Extracted records
Content starts

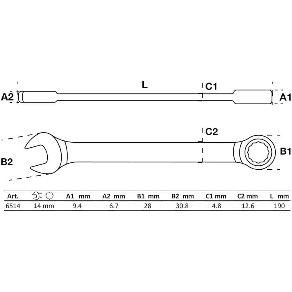 Clé Mixte à Cliquet 14 mm - Acier, Ergonomique et Pratique - - BGS
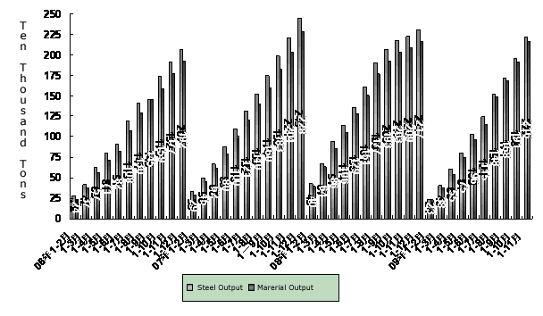 Picture 1:The Change of Bearing Steel Output in China from Jan. to Nov. 2006-2009
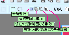 現在の選択範囲との共通範囲: カーソルは 先に作った選択範囲と、後から作った選択範囲の重なった部分のみ選択範囲となります。 例えば、先に四角い選択範囲を作って、コレをクリックして丸い選択範囲を重なるように選びます。 手を離すと、重なった部分だけが残ります。 |
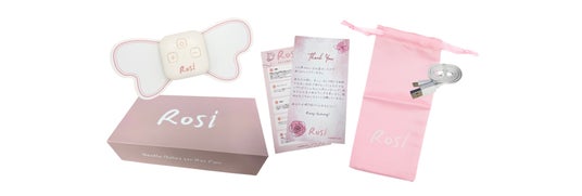 Rosiボックス/Rosiデバイス本体/バタフライパッド/USB Type- C充電ケーブル/クイックガイド/Thankyouメッセージカード/専用ポーチ
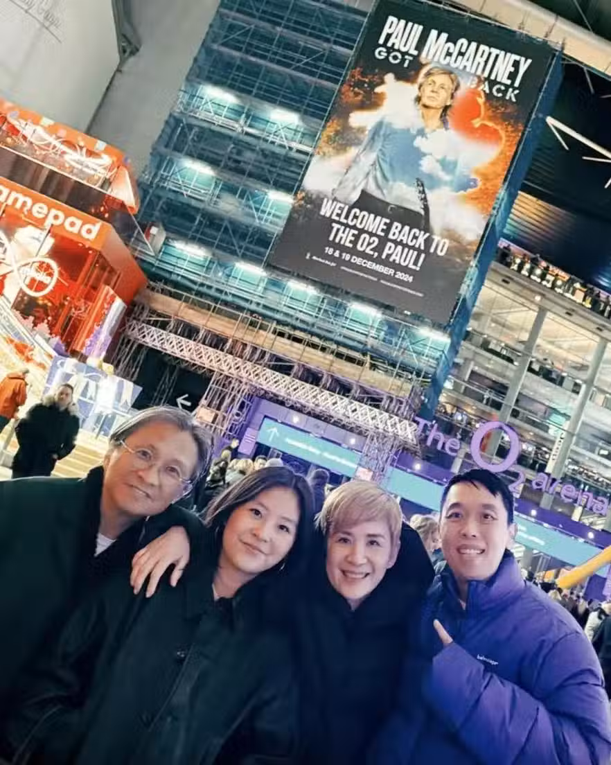 陳可辛一家人與馮貽柏在披頭士樂隊成員所在The O2 Arena場館前留影合照,由於天氣寒冷,眾人都穿上了厚厚的衣服。陳可辛全家穿了黑色的外套,只有馮貽柏穿了紫色的大衣,而合照中的焦點當然是吳君如現年18歲的女兒陳是知。陳是知在合照中站在了中間,她的旁邊是陳可辛與吳君如,難得看到一家三口正臉合照,對比起來陳是知真是吳君如與陳可辛的合體,她的眼睛很像吳君如,而嘴巴與鼻子很像陳可辛,整體而言,越大越像陳可辛。雖然不是傳統意義上的美女,但是吳君如與陳可辛的面相本來也不差,陳是知的長相也算是標緻,事實上如今還在求學的她已經出道了。
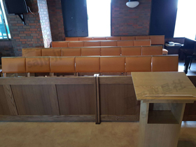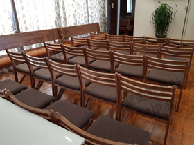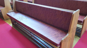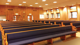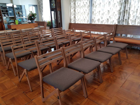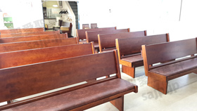 埼玉県 <東大宮福音自由教会> モデル:長椅子の座布団、背もたれのクッション貼り付け |
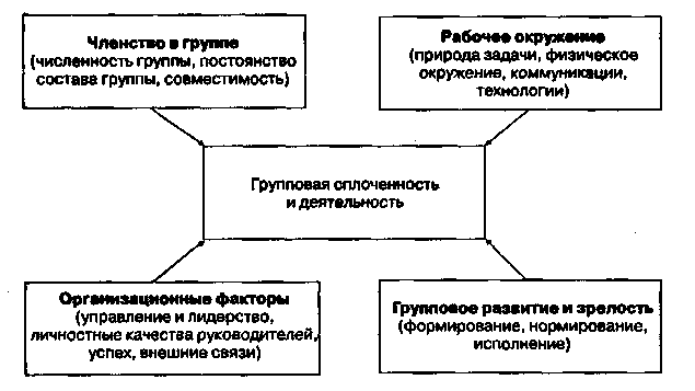 Факторы, влияющие на сплоченность группы в организации. Чтобы добиться повышения эффективности деятельности групп в организации, ее руководители должны учитывать многие факторы. Например, чтобы исключить чувство фрустрации у членов социальных групп, им следует учитывать потребности отдельных индивидов, обеспечивать поддержание высокого уровня идентификации в группе и групповую сплоченность. На уровень групповой сплоченности достаточно большое влияние оказывает большое количество факторов. Наиболее значимые из них показаны на рис. 39.
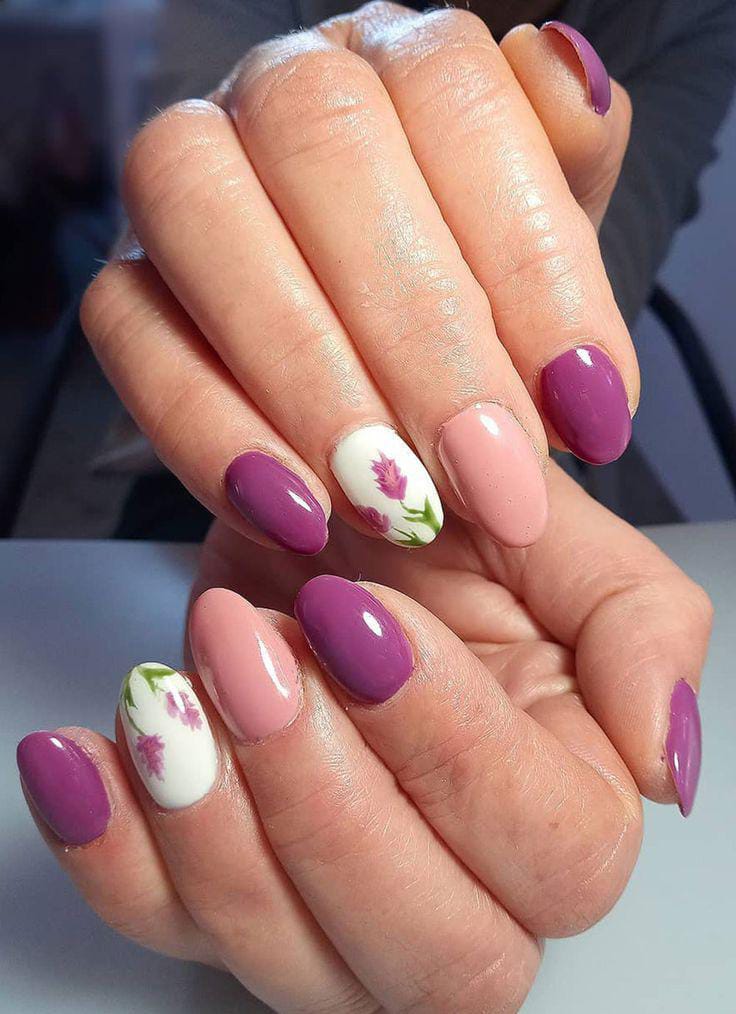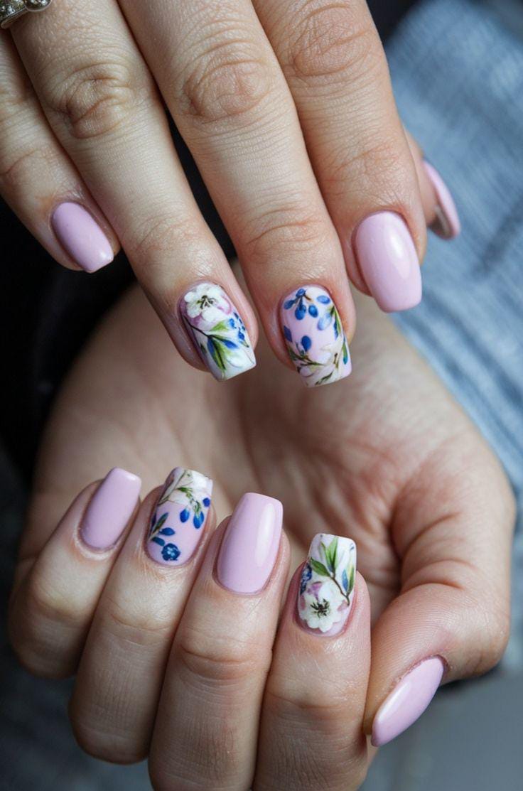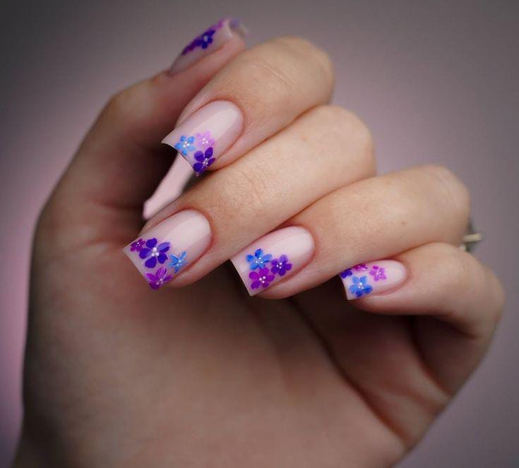 A pale pink base with purple and blue flowers gives this design a gentle early spring charm. The look is playful, fresh, and slightly romantic.

Content ends

About this task:
Write out the records exactly. Do not carry the pictures over.

Your response:
 Clé Mixte à Cliquet 14 mm - Acier, Ergonomique et Pratique - - BGS
 Picture 1:The Change of Bearing Steel Output in China from Jan. to Nov. 2006-2009
 現在の選択範囲との共通範囲: カーソルは 先に作った選択範囲と、後から作った選択範囲の重なった部分のみ選択範囲となります。 例えば、先に四角い選択範囲を作って、コレをクリックして丸い選択範囲を重なるように選びます。 手を離すと、重なった部分だけが残ります。 |
 Rosiボックス/Rosiデバイス本体/バタフライパッド/USB Type- C充電ケーブル/クイックガイド/Thankyouメッセージカード/専用ポーチ
 陳可辛一家人與馮貽柏在披頭士樂隊成員所在The O2 Arena場館前留影合照,由於天氣寒冷,眾人都穿上了厚厚的衣服。陳可辛全家穿了黑色的外套,只有馮貽柏穿了紫色的大衣,而合照中的焦點當然是吳君如現年18歲的女兒陳是知。陳是知在合照中站在了中間,她的旁邊是陳可辛與吳君如,難得看到一家三口正臉合照,對比起來陳是知真是吳君如與陳可辛的合體,她的眼睛很像吳君如,而嘴巴與鼻子很像陳可辛,整體而言,越大越像陳可辛。雖然不是傳統意義上的美女,但是吳君如與陳可辛的面相本來也不差,陳是知的長相也算是標緻,事實上如今還在求學的她已經出道了。
 埼玉県 <東大宮福音自由教会> モデル:長椅子の座布団、背もたれのクッション貼り付け |
 Факторы, влияющие на сплоченность группы в организации. Чтобы добиться повышения эффективности деятельности групп в организации, ее руководители должны учитывать многие факторы. Например, чтобы исключить чувство фрустрации у членов социальных групп, им следует учитывать потребности отдельных индивидов, обеспечивать поддержание высокого уровня идентификации в группе и групповую сплоченность. На уровень групповой сплоченности достаточно большое влияние оказывает большое количество факторов. Наиболее значимые из них показаны на рис. 39.
 A pale pink base with purple and blue flowers gives this design a gentle early spring charm. The look is playful, fresh, and slightly romantic.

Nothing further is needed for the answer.